In October 2003, Kerr told Technology Daily that the e-voting companies had not yet decided whether to implement his plan, but that he expected a decision "fairly soon." On December 9, ITAA announced the formation of the Election Technology Council (ETC), directed by Michael Kerr. ETC's founding members are Advanced Voting Systems, Diebold Election Systems, Election Systems & Software, Hart InterCivic, Sequoia and Unilect.

At ETC's launch, Hart InterCivic head David Hart said the group formed just when "voters are beginning to realize the benefits of electronic voting." But Computerworld quoted Hart giving a different rationale: "We came together because our environment has become chaotic.... We need to be able to speak as an industry in a single voice on the areas being regulated.... We want to be part of the debate and tell our industry's side of the story. There's a lot of misinformation."

In an interview with PR Watch, Michael Kerr called ETC "still kind of formative... we've obviously been tracking the security debate." But he identified some priorities, including making the "state certification process more uniform and faster" and securing a seat on the Technical Guidelines Development Committee, a body assisting with the development of voluntary federal voting systems standards. Kerr said ETC offers "an industry wide perspective," free from "the marketing or sales perspectives of individual vendors."

When asked about security concerns, Kerr responded, "There are many things that should reassure people who use electronic voting.... The critics are focused on hypothetical scenarios... not on how the system is actually implemented." Although "no technology is invulnerable," he claimed "there have been no documented security breaches with electronic voting in an election."

One indication of ETC's influence came from Wilmington's News Journal in December 2003. Written by the Delaware elections commissioner and titled "Voting Machines Are Reliable," the article warned: "Some people are riding a bandwagon wanting receipts of their votes so they know they have been cast, and some states are obliging that trend. That opens the door for tampering with voting machines to switch and lose votes as well as 'fix' the paper receipts." The piece ended, "Contact my office... for additional information by the Election Technology Council."

The Election Assistance Commission, the federal body overseeing HAVA implementation – which generated alarm recently when its chair asked for a contingency plan to delay elections in case of a terrorist attack – held its first public hearing on electronic voting in May. Although there was a vendor's panel, ETC's "unified voice" was not heard as such. The day before the hearing, however, ITAA "released a survey that found 77 percent of registered voters were either 'not very concerned' or 'not concerned at all' about the security of election systems," according to Associated Press. Computer scientist Aviel Rubin dismissed the ITAA survey, stating, "Would they ask questions about the safety of a medical procedure of patients or of doctors?
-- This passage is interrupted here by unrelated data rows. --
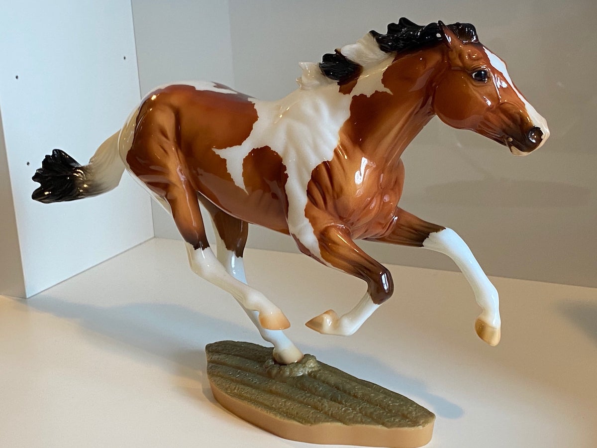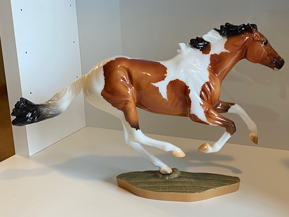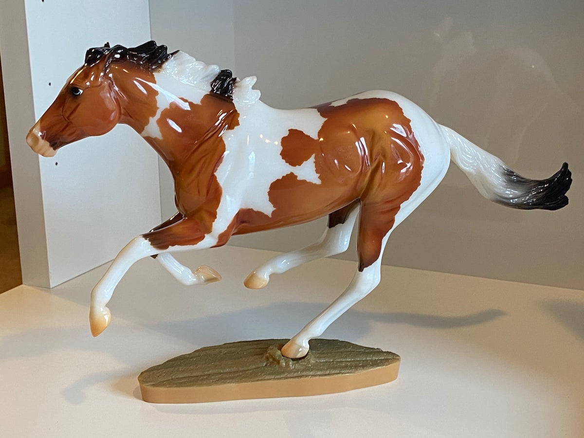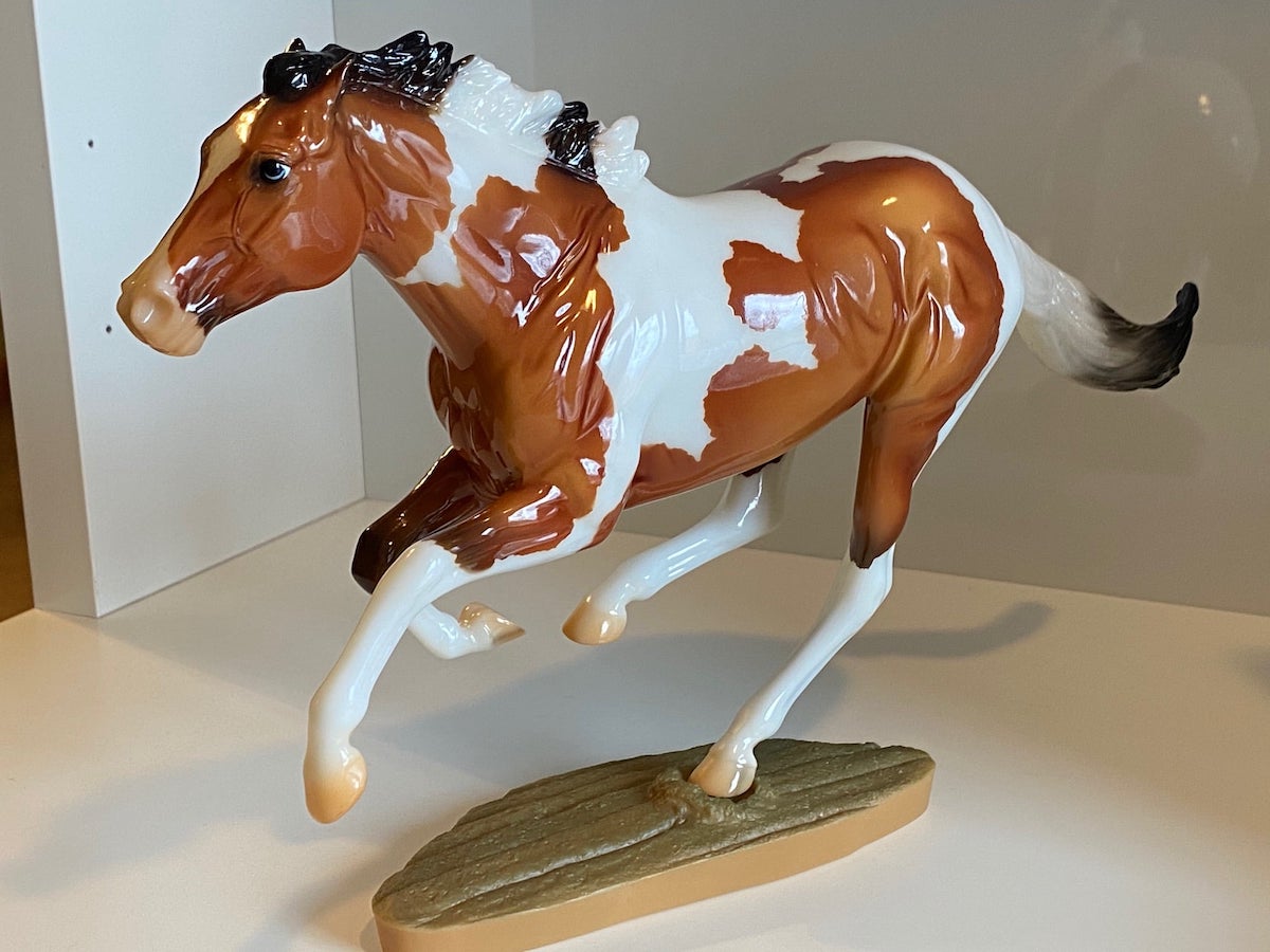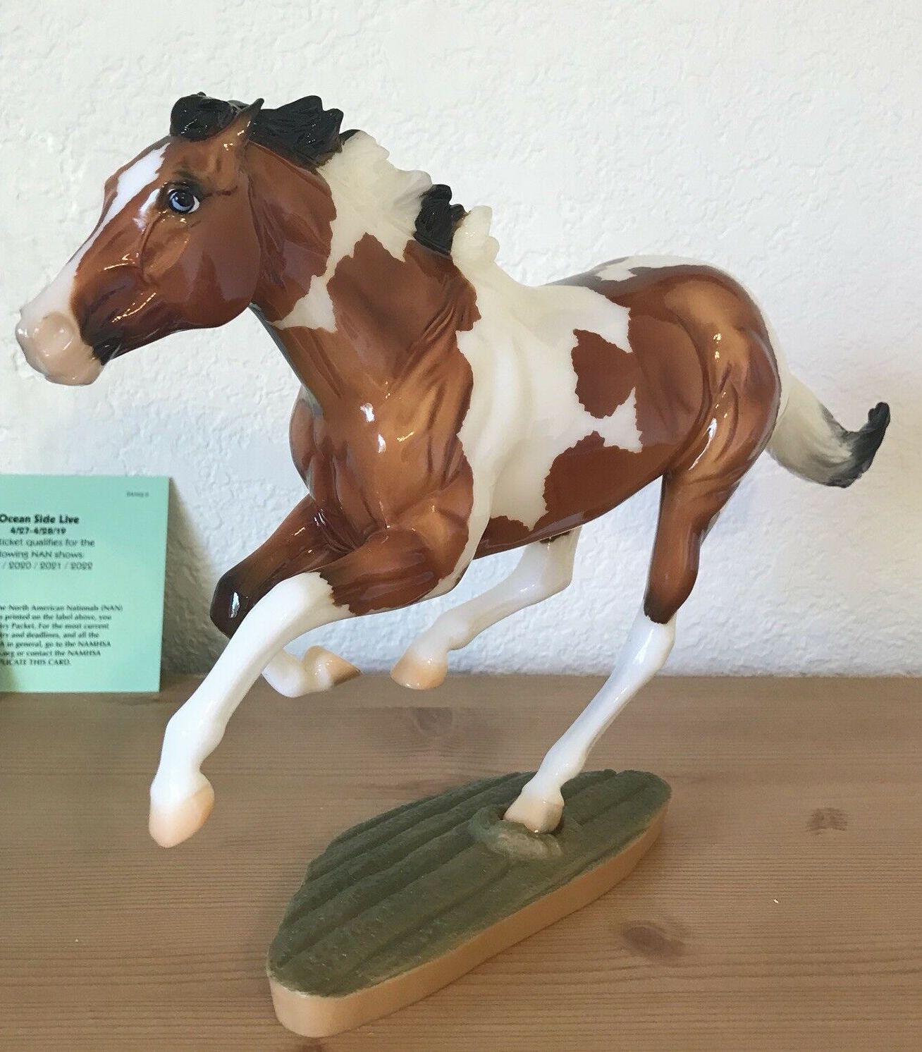 Glossy bay pinto; star-stripe-snip; 4 stockings; 1 blue eye; tan base; BreyerFest SR; 1/175
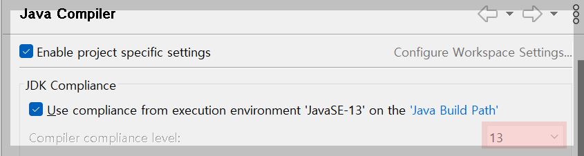 Java Compiler와 Java Build Path의 java버전이 동일하게 맞춰주면 해결
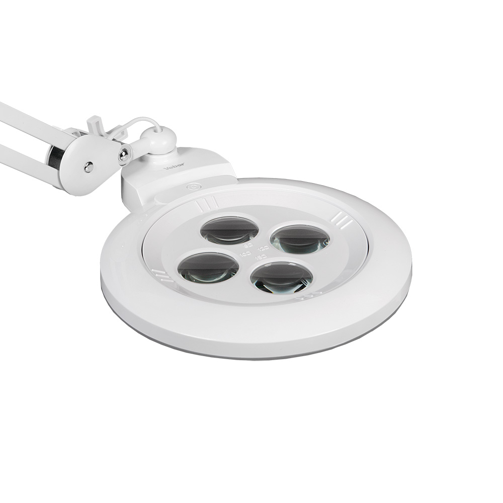 Конструкция лупы-лампы Veber 8608D LED Bi-color предусматривает возможность смены кратности увеличения изображения за счет использования сменных обойм с линзами. Всего в комплекте две таких обоймы: обойма с большой 3-х кратной (Ø 144 мм) и наклеенной сверху на нее 20-кратной линзой (Ø 23 мм) и обойма с четырьмя линзами (Ø 47 мм каждая) кратностью 8х, 10х, 12х и 15х. Оперативно сменить обойму с линзами не составляет труда — ее крепление в кольце имеет байонетный тип.
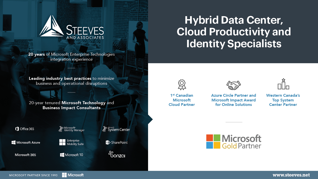 Steeves and Associates delivers unparalleled Cloud Consulting expertise as the 1st Microsoft Cloud Partner in Canada. Steeves and Associates works with you to understand and assesses your current problems and limitations to determine an appropriate cloud roadmap identifying ‘quick wins’ and opportunities for innovation.

They should ask computer security experts about computer security questions."

The ITAA/ ETC response to "Computer Ate My Vote" rallies in 19 states across the country in mid-July may be indicative of a new strategy: discredit the opposition. Harris Miller told Computerworld, "It's not about voting machines. It's a religious war about open-source software vs. proprietary software." Miller compared listening to e-voting critics – whom he characterized as open-source proponents, ignoring the concerns of such broad-based groups as the League of Women Voters – to "asking a bunch of clergymen what they think of premarital sex."

By January 2006, states must comply with HAVA mandates for updated and accessible voting machines, among other requirements. With big money at stake – nearly $4 billion is allocated to states under HAVA – the electronic voting industry is sure to intensify its PR war. The problem is, if the camel's back breaks, so does the cornerstone of our democracy.